Exactly reproduce the lines of the listing below from the one containing "وبذلك يرتفع عدد" through the one containing "Her yeleğe özel". Skip the images.

## Data for analysis
┄┄┄┄┄┄

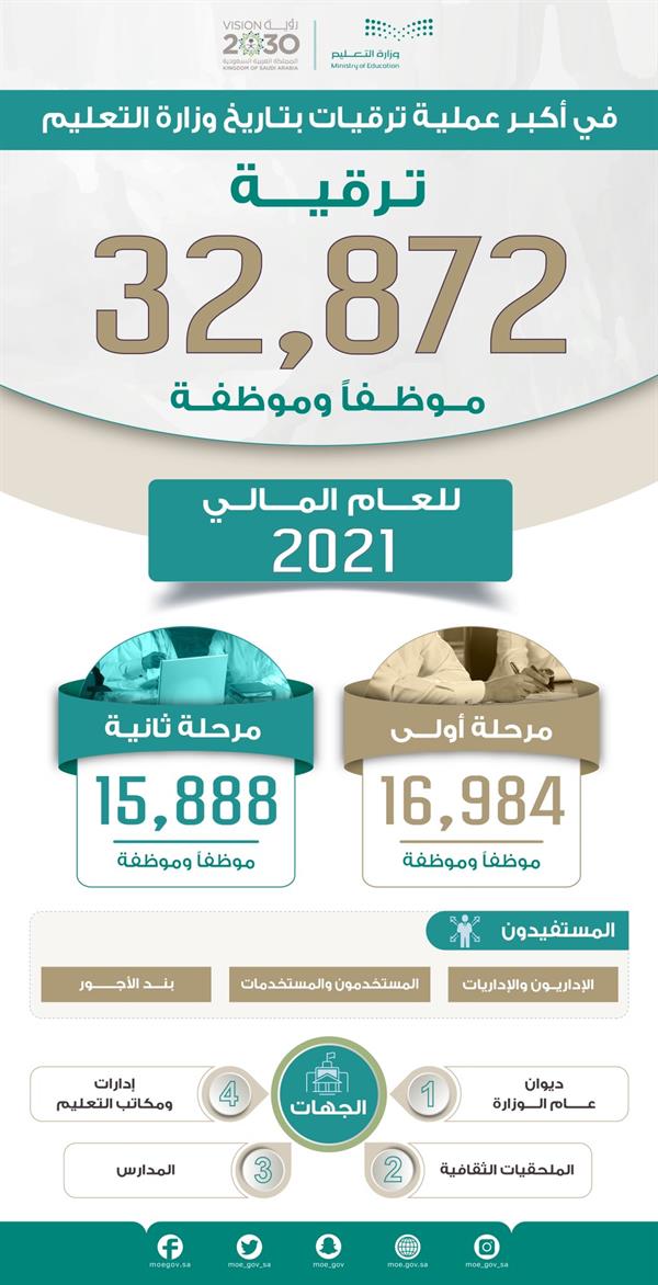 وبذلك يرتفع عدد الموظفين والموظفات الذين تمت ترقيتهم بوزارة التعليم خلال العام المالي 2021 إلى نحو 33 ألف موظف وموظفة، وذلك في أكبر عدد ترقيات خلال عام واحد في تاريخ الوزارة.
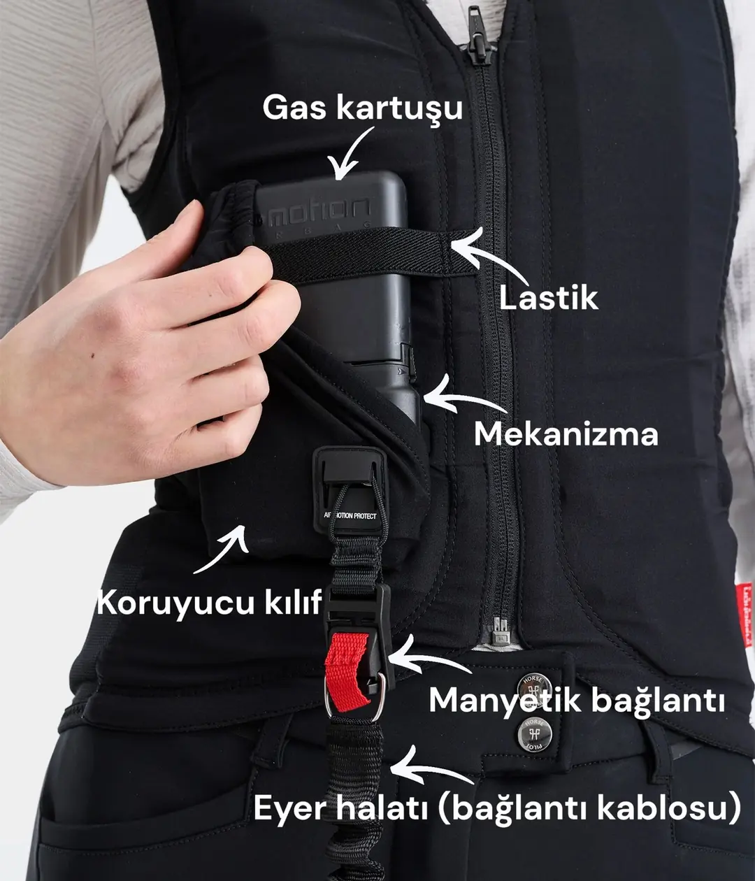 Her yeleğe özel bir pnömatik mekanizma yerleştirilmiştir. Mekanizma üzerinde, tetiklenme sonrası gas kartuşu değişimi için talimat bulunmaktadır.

┄┄┄┄┄┄

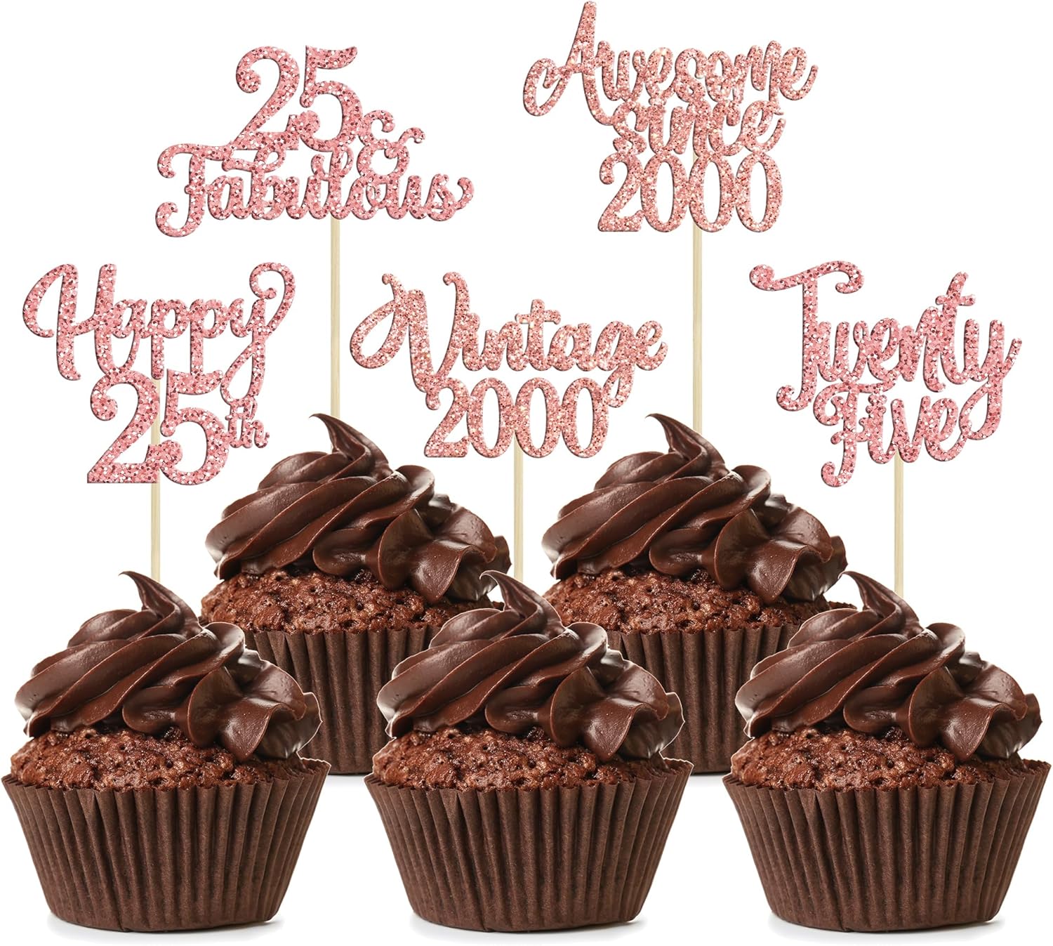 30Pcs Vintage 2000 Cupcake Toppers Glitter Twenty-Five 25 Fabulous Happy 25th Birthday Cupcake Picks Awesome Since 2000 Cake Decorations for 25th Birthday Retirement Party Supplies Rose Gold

┄┄┄┄┄┄

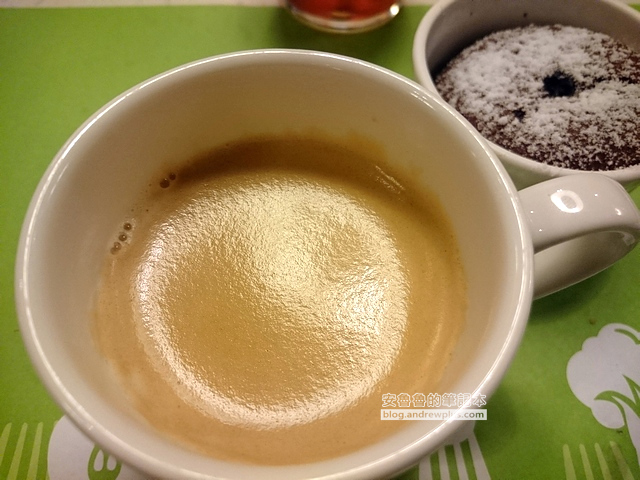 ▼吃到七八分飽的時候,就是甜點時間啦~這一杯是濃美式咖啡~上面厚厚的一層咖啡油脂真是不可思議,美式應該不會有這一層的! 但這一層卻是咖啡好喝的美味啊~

┄┄┄┄┄┄

## Response
 وبذلك يرتفع عدد الموظفين والموظفات الذين تمت ترقيتهم بوزارة التعليم خلال العام المالي 2021 إلى نحو 33 ألف موظف وموظفة، وذلك في أكبر عدد ترقيات خلال عام واحد في تاريخ الوزارة.
 Her yeleğe özel bir pnömatik mekanizma yerleştirilmiştir. Mekanizma üzerinde, tetiklenme sonrası gas kartuşu değişimi için talimat bulunmaktadır.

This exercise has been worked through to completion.